YOUR TASK: In the records below, the line that contains "- 怀集运营全网营销公司:解答您的疑虑,助您实现成功运营与全网营销的关键策略" marks the start. Copy it and each line after it through the end, exactly, without pictures.

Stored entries
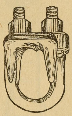 Look over your guy wires and pick out the most solid of the lot running to the top band. Make sure of its anchorage. There are supposed to be two clips at each end of a guy wire where it is connected to the turn-buckle, and at the band place the double block without the stack hook on the guy wire.
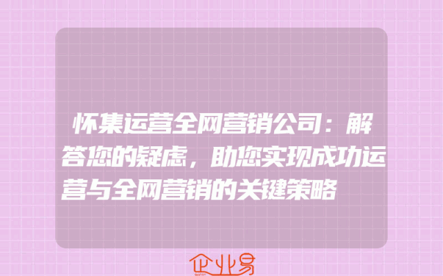 - 怀集运营全网营销公司:解答您的疑虑,助您实现成功运营与全网营销的关键策略
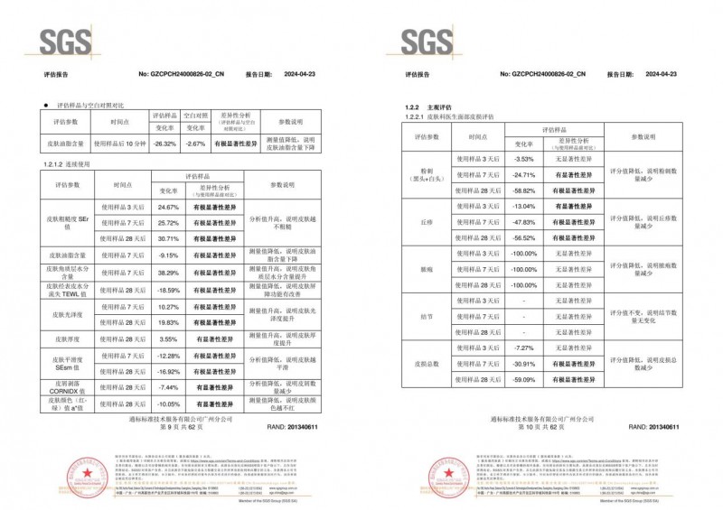 连续使用 28 天,闭口粉刺痘 -59.09%、皮肤毛孔 -13.64%、粗糙度 -30.71%、光泽度 +19.83%!
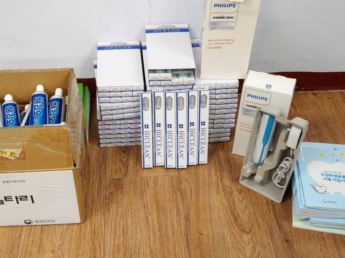 스마일재단과 행정안전부가 함께하는 구강관리 물품지원사업에 선정되어 칫솔과 치약, 전동칫솔을 지원 받았습니다. 감사히 사용하겠습니다^^
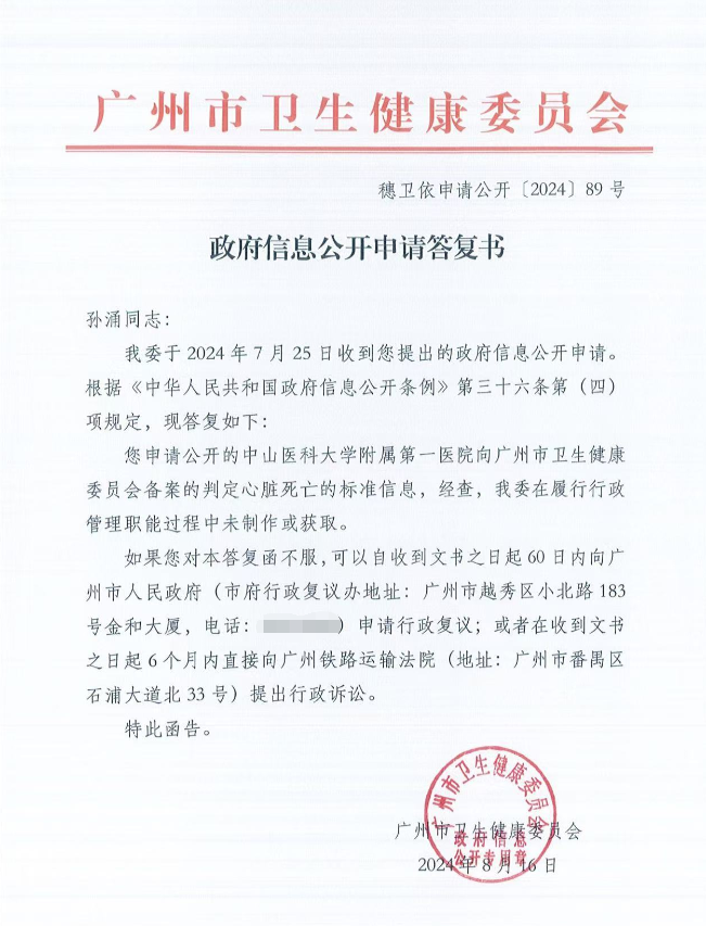 对于本次申请过程,孙涌表示,其于今年5月15日向国家卫健委提交申请,申请内容为公开我国关于死亡标准的法律规定。此后,他又陆续向广州市卫健委申请公开中山大学附属第一医院备案的判定心脏死亡的认定标准,向深圳市卫健委等申请公开深圳市人民医院备案的肺性死亡、心脏死亡的判断标准。

YOUR SOLUTION:
 - 怀集运营全网营销公司:解答您的疑虑,助您实现成功运营与全网营销的关键策略
 连续使用 28 天,闭口粉刺痘 -59.09%、皮肤毛孔 -13.64%、粗糙度 -30.71%、光泽度 +19.83%!
 스마일재단과 행정안전부가 함께하는 구강관리 물품지원사업에 선정되어 칫솔과 치약, 전동칫솔을 지원 받았습니다. 감사히 사용하겠습니다^^
 对于本次申请过程,孙涌表示,其于今年5月15日向国家卫健委提交申请,申请内容为公开我国关于死亡标准的法律规定。此后,他又陆续向广州市卫健委申请公开中山大学附属第一医院备案的判定心脏死亡的认定标准,向深圳市卫健委等申请公开深圳市人民医院备案的肺性死亡、心脏死亡的判断标准。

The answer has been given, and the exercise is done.